The Historical Aircraft Squadron is a non-profit organization located at the Fairfield County Airport in Carroll, Ohio focused on aviation history.

== History ==
The organization was founded in 1994. The following year, the organization considered building a museum with the promise that they might receive an airplane from Dave Tallichet. This came to pass in May 1998 when it was lent a Douglas A-26 Invader from his Military Aircraft Restoration Corporation. Eventually, it was joined by another A-26 and a North American B-25 Mitchell that were also placed on loan to the museum. The restoration of the first A-26 was completed in September 2009
and two years later left the museum for the 1941 Historical Aircraft Group Museum.

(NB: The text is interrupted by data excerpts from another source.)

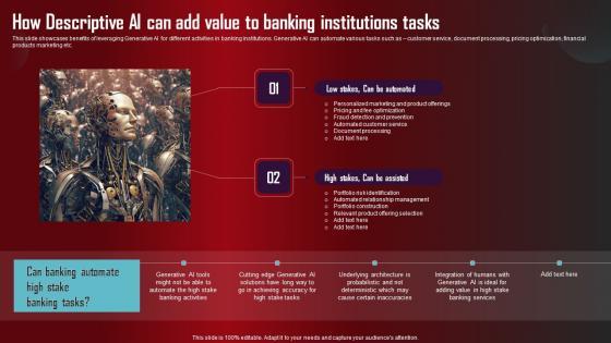 This slide showcases benefits of leveraging Generative AI for different activities in banking institutions. Generative AI can automate various tasks such as customer service, document processing, pricing optimization, financial products marketing etc. Boost your pitch with our creative How Descriptive AI Can Add Value Role Of Generative AI Tools Across Information Pdf. Deliver an awe inspiring pitch that will mesmerize everyone. Using these presentation templates you will surely catch everyones attention. You can browse the ppts collection on our website. We have researchers who are experts at creating the right content for the templates. So you do not have to invest time in any additional work. Just grab the template now and use them. This slide showcases benefits of leveraging Generative AI for different activities in banking institutions. Generative AI can automate various tasks such as customer service, document processing, pricing optimization, financial products marketing etc.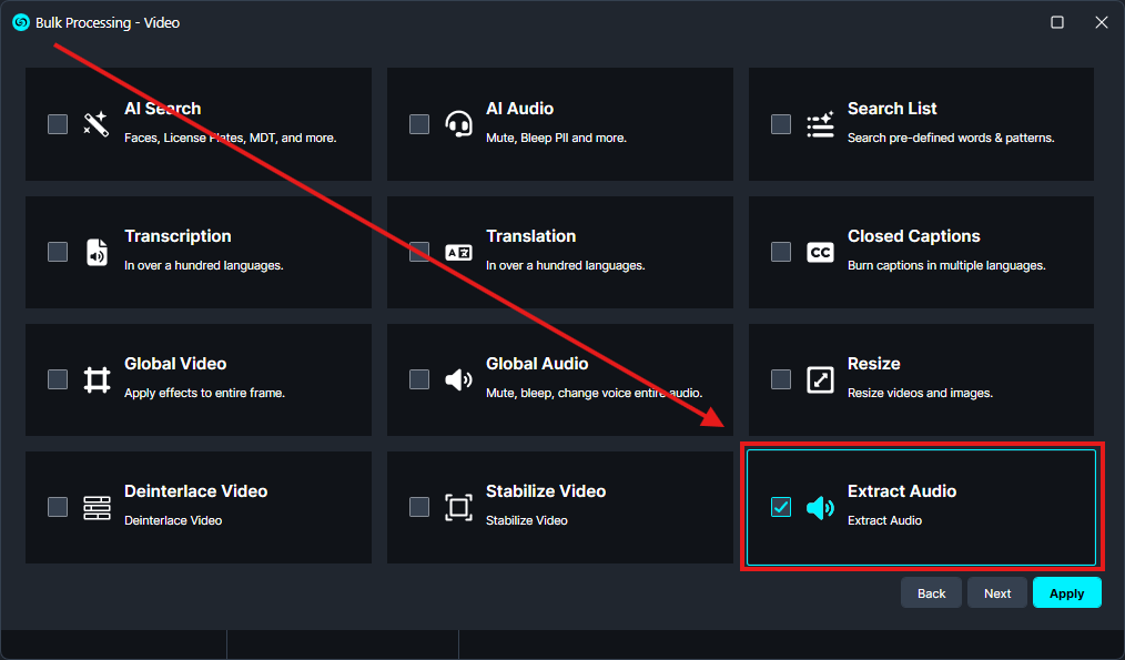 In the new window, select the Extract Audio function. Click Apply, then add the file you want to process and click Apply again.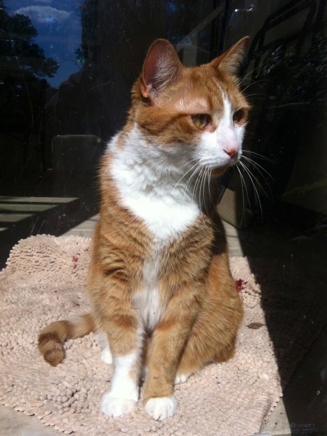 I took that rose picture with my “real” camera but I used my iphone to get this picture of Dash, my cat, looking out the back porch door: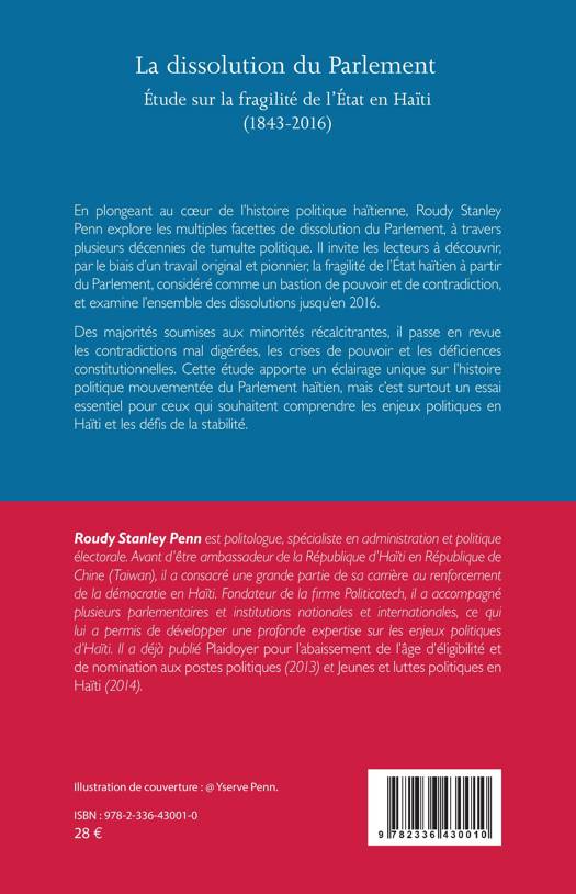 En plongeant au coeur de l'histoire politique haïtienne, Roudy Stanley Penn explore les multiples facettes de dissolution du Parlement, à travers plusieurs décennies de tumulte politique. Il invite les lecteurs à découvrir, par le biais d'un travail original et pionnier, la fragilité de l'État haïtien à partir du Parlement, considéré comme un bastion de pouvoir et de contradiction, et examine l'ensemble des dissolutions jusqu'en 2016. Des majorités soumises aux minorités récalcitrantes, il passe en revue les contradictions mal digérées, les crises de pouvoir et les déficiences constitutionnelles. Cette étude apporte un éclairage unique sur l'histoire politique mouvementée du Parlement haïtien, mais c'est surtout un essai essentiel pour ceux qui souhaitent comprendre les enjeux politiques en Haïti et les défis de la stabilité.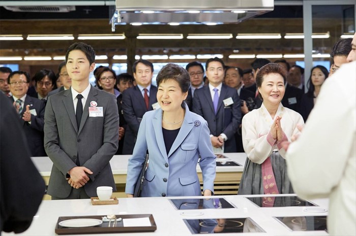 (서울=포커스뉴스) 박근혜 대통령은 11일 오전 서울 중구 한국관광공사 서울센터에서 열린 K-스타일 허브(K-Style Hub) 한식문화관 개소식에서 배우 송중기 및 윤숙자 한식재단 이사장 등과 함께 전시관들을 둘러보고 있다. <사진출처=청와대>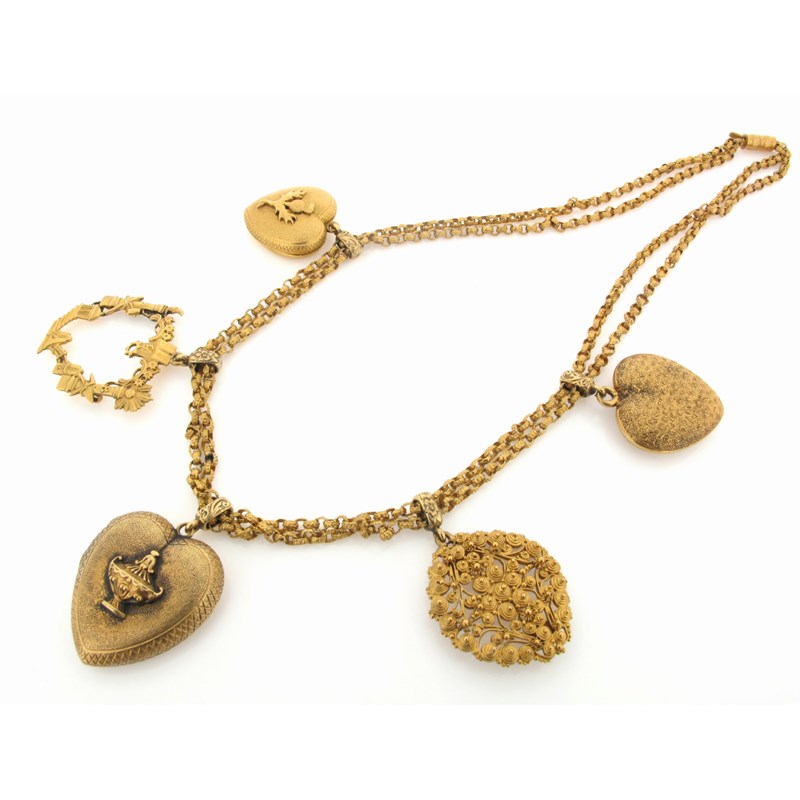 A Regency gold double chain necklace with five assorted gold pendants, including a gold heart shaped gold hinged locket pendant, the front applied with an urn and engraved to the reverse Thomas Earl of Hyndford, died 14th Feb 1811, ever held in remembrance. And a heart shaped hinged gold locket pendant applied with a thistle.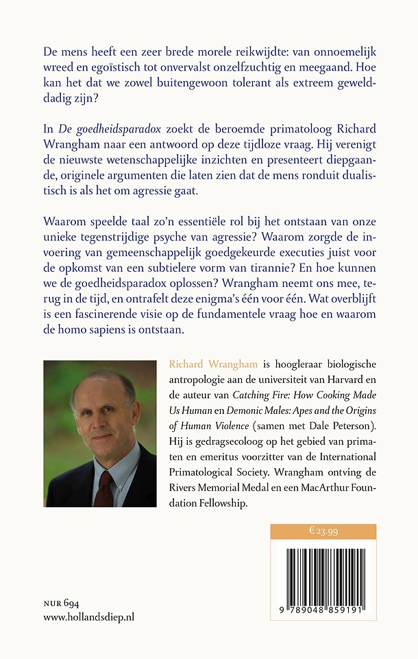 In 'De goedheidsparadox' presenteert de beroemde primatoloog Richard Wrangham een opvallend originele theorie om de tijdloze vraag te beantwoorden 'hoe' en 'waarom' de homo sapiens is ontstaan.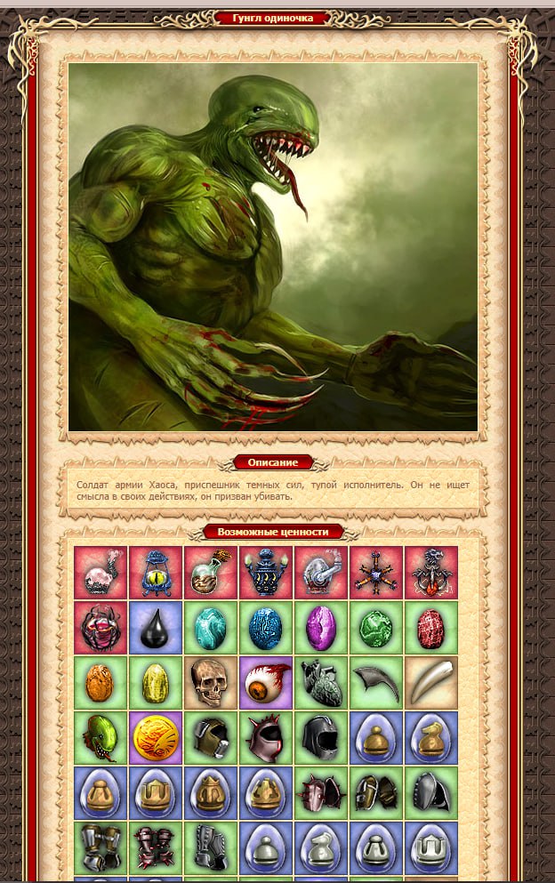 Теперь в описании каждого монстра отображается возможный дроп!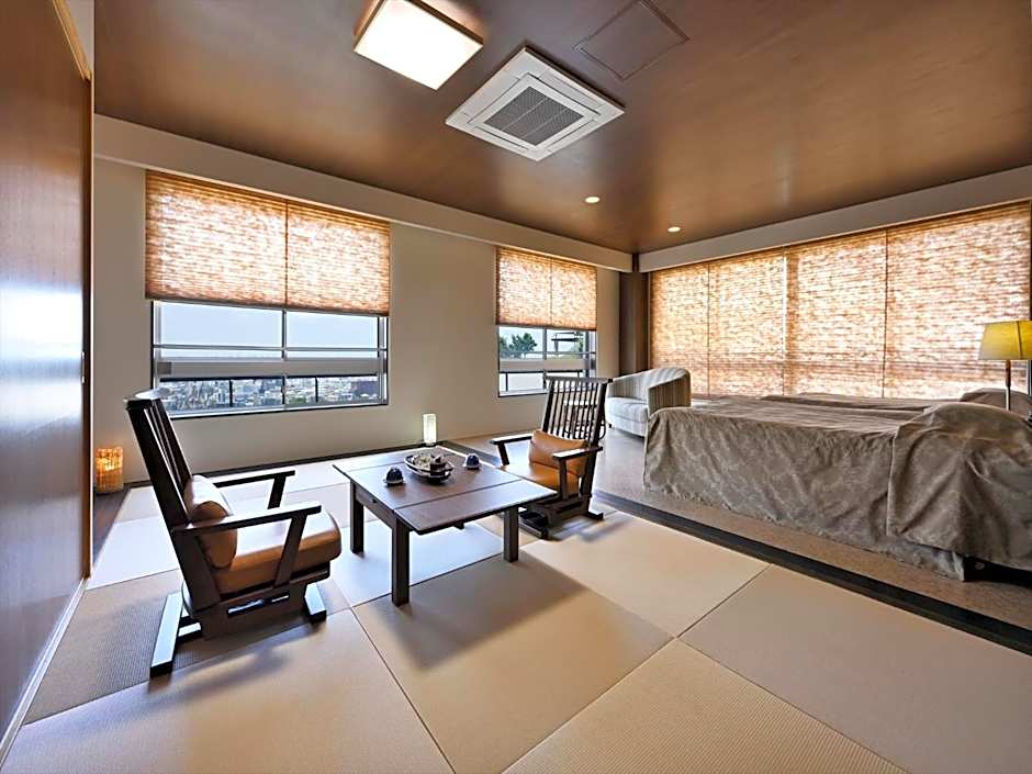 The air-conditioned suite has 1 bedroom and 1 bathroom with a bath and a shower. The suite offers tatami, soundproof walls, a safe deposit box, an electric kettle, as well as a flat-screen TV. The unit has 2 beds.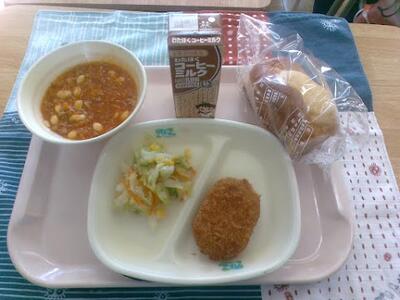 今日の給食は、チーズボックス、コーヒーミルク、ポテトコロッケ、ポークビーンズ、コールスローサラダです。ポテトコロッケはサクサクしていてすごく美味しかったです。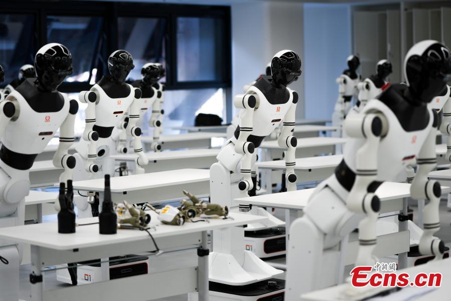 Humanoid robots are pictured at the humanoid robot innovation center at Shougang Park in Beijing, March 27, 2025. (China News Service/Zhang Xiangyi)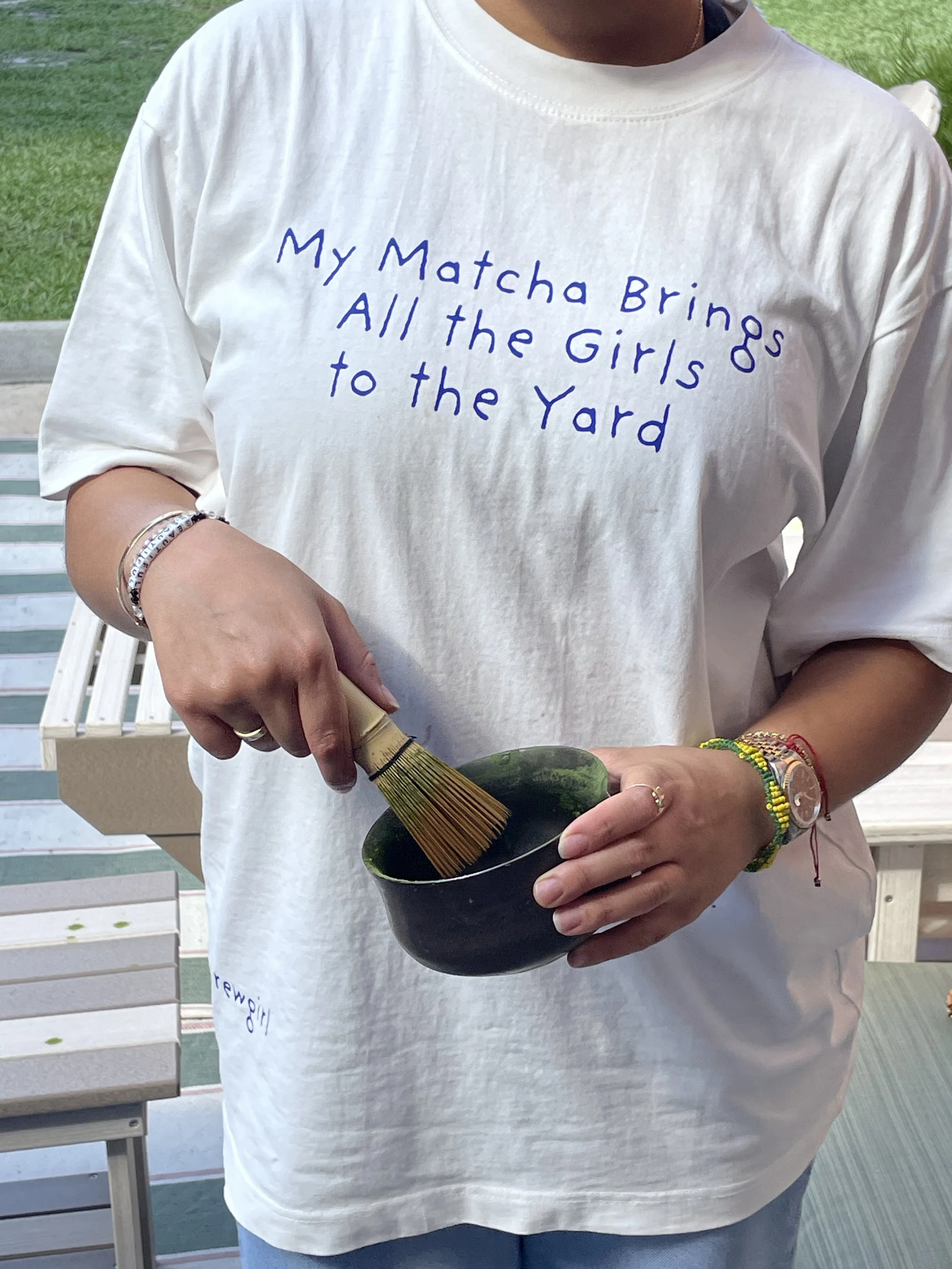 Categories: Select a Category Brewtiqué Events Brewtiqué “My Matcha Brings All The Girls To The Yard” Tee $45.00 Preformative AF Tote Bag $19.00 Matcha Vanilla Glossy Lip Syrup $21.00 Secret Garden Cluster Bag Charm $25.00 Flower Child Cluster Bag Charm $25.00

In the meantime, the organization built a new hangar at the airport in 2000, which it signed a 10-year lease for the next year. A Grumman S2F-1 Tracker was based with the squadron for a time in 2002. A plan for a church to build a new hangar at the airport in 2006 caused the museum to express concerns that it might lose some of its ramp space.

== Collection ==
=== Aircraft ===

- American Eaglet RF-1
- Beechcraft C-45B Expeditor
- Bensen gyrocopter
- Culver Cadet LCA – on loan
- Folland Gnat
- Hiller H-23B Raven
- Rutan Long-EZ
- Stinson L-5E Sentinel
- Stinson 10
- Taylorcraft BC-12D

=== Ground vehicles ===

- Kaiser Jeep M725

== Events ==
The organization held an annual Wings of Victory Airshow until 2009. It was replaced by a fly-in and pancake breakfast.